The museum’s newest room, opened just last January, holds the “I Love My Planet Earth” exhibit, a joint project of MP and Motorola Foundation USA. The showcase teaches museum-goers how to be more hands-on when it comes to addressing environmental issues.
Segregation is introduced through visual aids of different garbage, which kids must properly dispose of in the correct trash bins. Children are also taught ways on how to lessen their carbon footprint, by switching off lights, avoiding the use of Styrofoam and plastic, unplugging electric appliances when not in use.

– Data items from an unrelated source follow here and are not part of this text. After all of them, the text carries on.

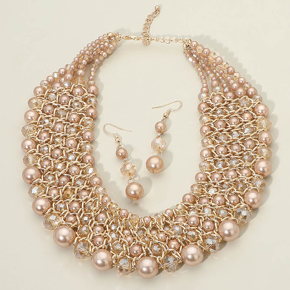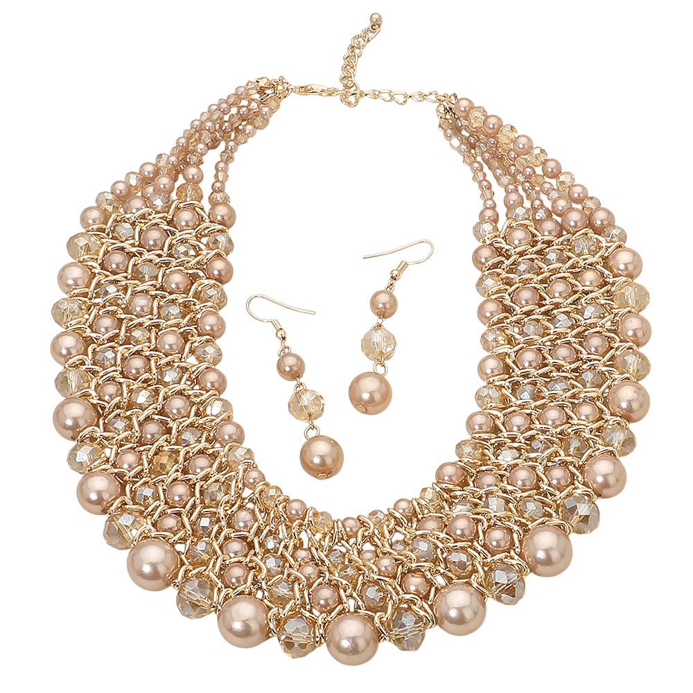 • Bold multi strand statement necklace set featuring layered beads accents with matching drop earrings. Designed to elevate formal looks, evening outfits, and special occasion styling. A boutique-ready jewelry set that adds dimension, texture, and elegant impact to dresses, blouses, and event wear collections.
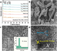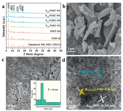 | Fig. 1. (a) Powder XRD patterns of the samples. (b) SEM image of S1.8/NMT-NS. (c) TEM image of S1.8/NMT-NS. (d) HRTEM image of S1.8/NMT-NS. | |
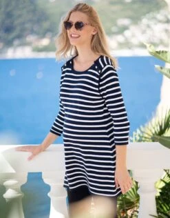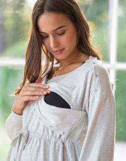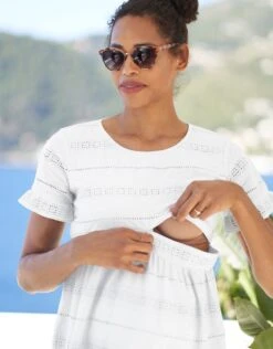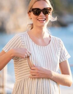 Seraphine Robe Cache-cœur Grossesse Et Allaitement En Coton à Rayures Sauge Et Blanche

Displays labeled “Ganito kami noon… Ganito kami ngayon” explain the contrast of today’s gadget-filled lifestyle from the simpler ways of yesteryear. It encourages kids to lessen their video game-playing time and rediscover traditional Filipino toys like sungka and trumpo.
In another room, aptly named “Paglaki Ko,” kids are introduced to the concept of career options, which may seem too early a topic for an audience of 2-12 years old. “But children need choices other than what they usually see on TV,” says Yuson.

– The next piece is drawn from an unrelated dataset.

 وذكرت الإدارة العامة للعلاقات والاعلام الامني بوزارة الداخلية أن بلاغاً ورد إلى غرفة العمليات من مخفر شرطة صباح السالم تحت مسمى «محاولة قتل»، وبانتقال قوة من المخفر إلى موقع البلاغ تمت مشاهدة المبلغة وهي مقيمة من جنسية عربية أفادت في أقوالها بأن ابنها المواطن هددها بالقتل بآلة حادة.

Recently exhibited in the “Paglaki Ko” room are the works of illustrator Frances Alcaraz, which basically explains the book-making process. Kids can also take their time and read the different books in the room, or try out costumes based on characters in the books. To complement the exhibit, MP has a “Paglaki Ko” 12-book series, which features professionals 25-35 years old who excel in their respective fields.
Other books are available at MP; after all, one of the museum’s major concerns is to increase literacy among children. It’s not just about teaching the technicalities of how to read, but also developing early enough a genuine love of reading.
Among these books is the “Batang Bayani” series, stories of outstanding children who surpass challenges despite physical disabilities, or kids recognized for their cultural achievements.
“We really encourage storytelling, not just the ABCs,” says Yuson. “We feel that if children learn to love something, they will look for it on their own.”
“We’ve learned that our children really need to read and focus,” she adds.
Participation in MP’s activities is free with the P100 admission fee, both for children and adults. Museum hours are 8 a.m.-5 p.m. on Tuesdays-Saturdays; 1-5 p.m. on Sundays. MP is at Roxas Blvd. cor. South Drive, Manila; call 5231797 to 98, 5350595; e-mail [email protected]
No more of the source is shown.